**DATA SEGMENT:**
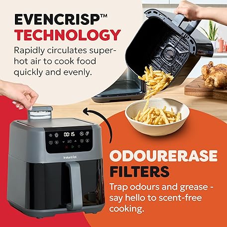 Thông tin sản phẩm Instant Pot - Vortex Compact Truffle Grey Air Fryer - 5L Basket, Family Size, 4 in 1 - Air Fry, Food Dehydrate, Bake, Reheat, Non-Stick, Easy Clean, Dishwasher Safe, Electric
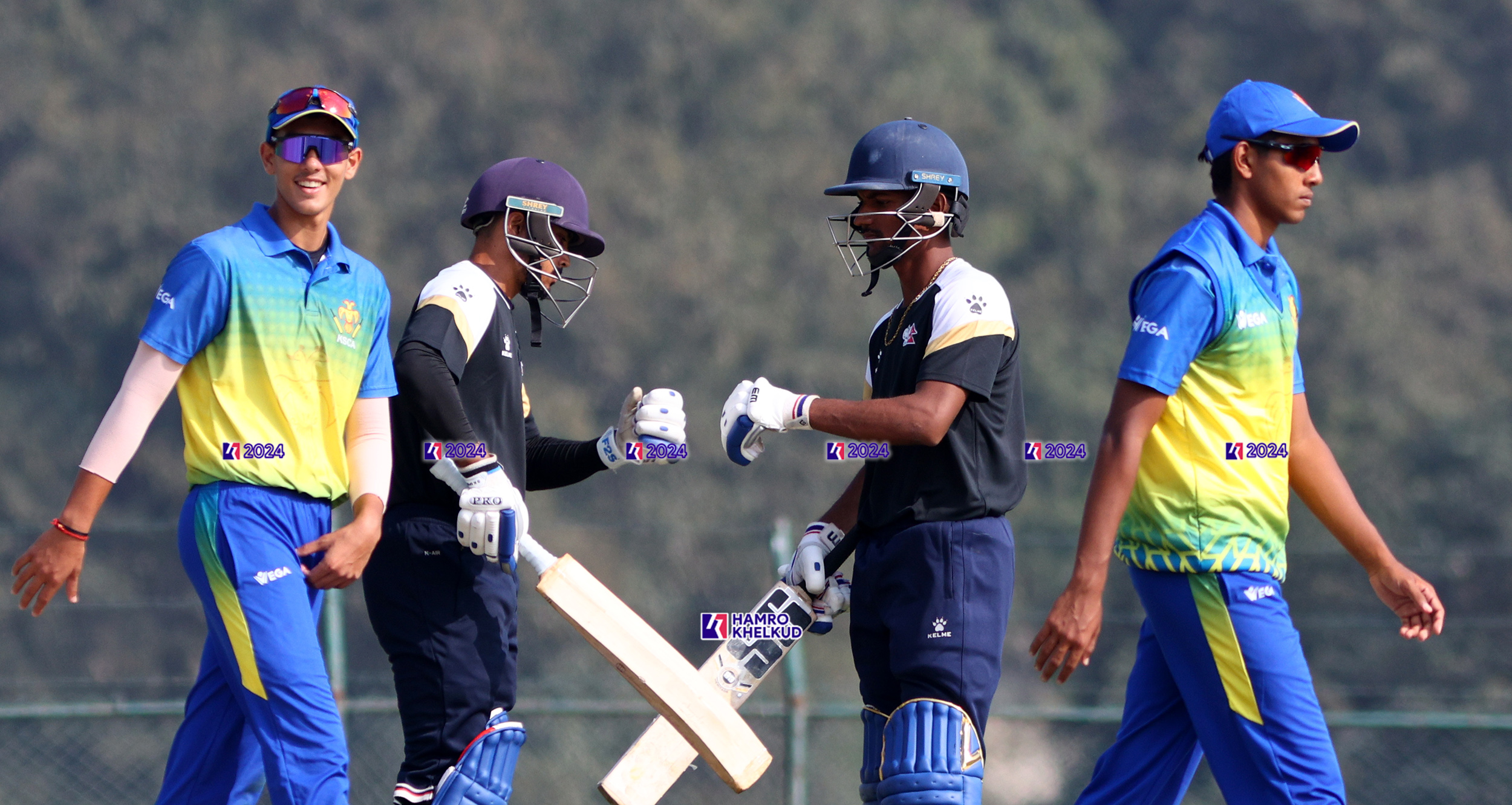 ओपनर प्रतिकले ३७ र रिशाभले ४० रन जोड्नुबाहेक अन्यले दोहोरो अंकमा रन जोड्न सकेनन । तेस्रो ओभरमा गगन राव२ रन जोड्दै दयानन्द मण्डलको एलबीडब्लु धरापमा परे । आठौं ओभरमा हेमन्तले शिभलाई ८ रनमा विकेटकिपरबाट क्याच गराए ।
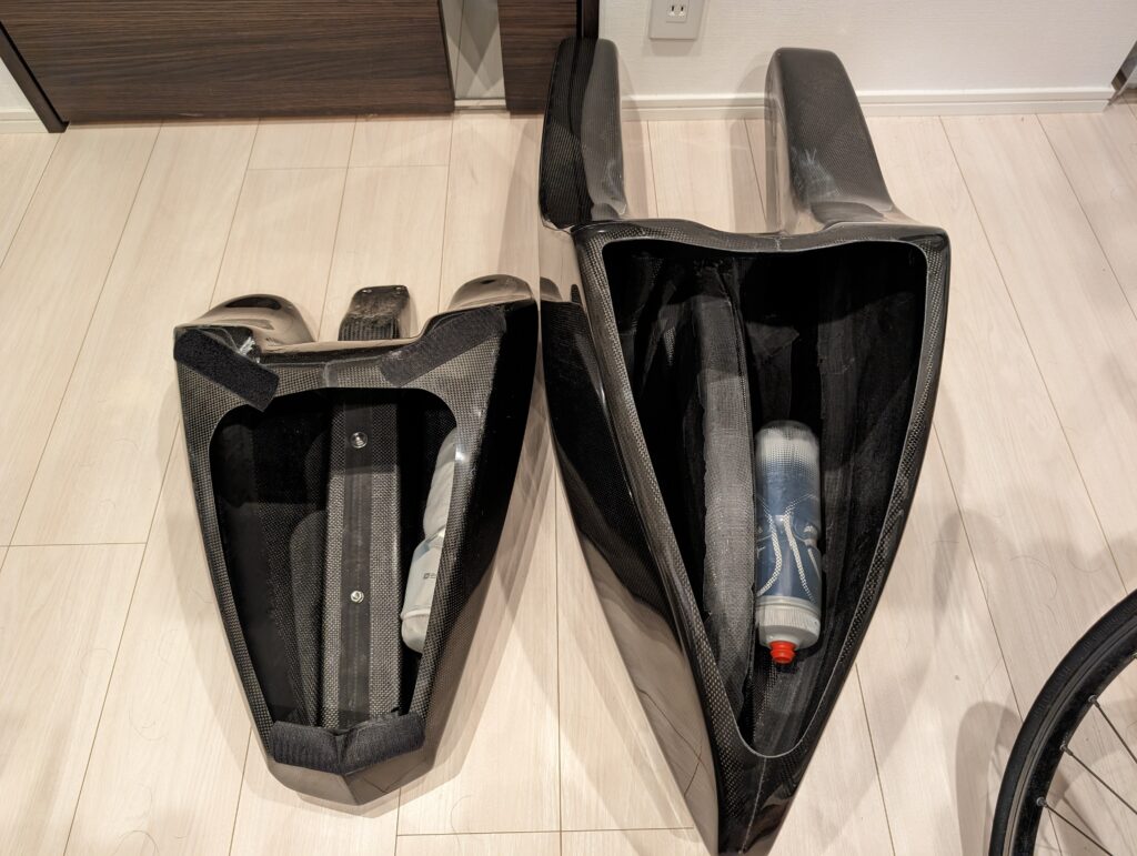 | 装着方法 | carbon carrier/fenderを使って装着(ネジ止め) | リアフォークとバッグをベルクロで接着 |
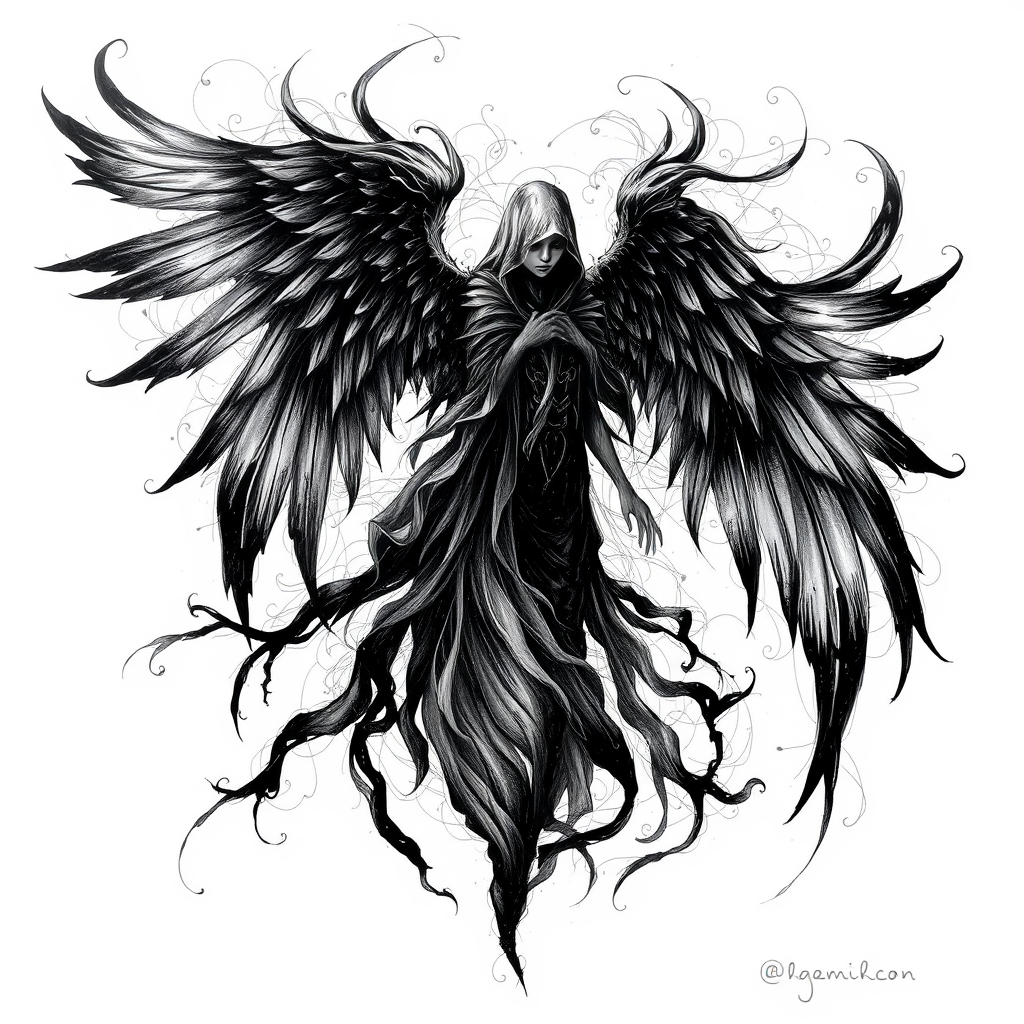 Mysterious ethereal figure with flowing dark wings, depicted in intricate ballpoint pen strokes, exuding an aura of enigmatic grace and shadowy elegance amidst a backdrop of swirling ink patterns.

**EXERCISE:** Restate the data word for word from its first line through the line with "carrier/fenderを使って装着(ネジ止め) | リアフォークとバッグをベルクロで接着 |", leaving out any picture along the way.

**YOUR RESPONSE:**
 Thông tin sản phẩm Instant Pot - Vortex Compact Truffle Grey Air Fryer - 5L Basket, Family Size, 4 in 1 - Air Fry, Food Dehydrate, Bake, Reheat, Non-Stick, Easy Clean, Dishwasher Safe, Electric
 ओपनर प्रतिकले ३७ र रिशाभले ४० रन जोड्नुबाहेक अन्यले दोहोरो अंकमा रन जोड्न सकेनन । तेस्रो ओभरमा गगन राव२ रन जोड्दै दयानन्द मण्डलको एलबीडब्लु धरापमा परे । आठौं ओभरमा हेमन्तले शिभलाई ८ रनमा विकेटकिपरबाट क्याच गराए ।
 | 装着方法 | carbon carrier/fenderを使って装着(ネジ止め) | リアフォークとバッグをベルクロで接着 |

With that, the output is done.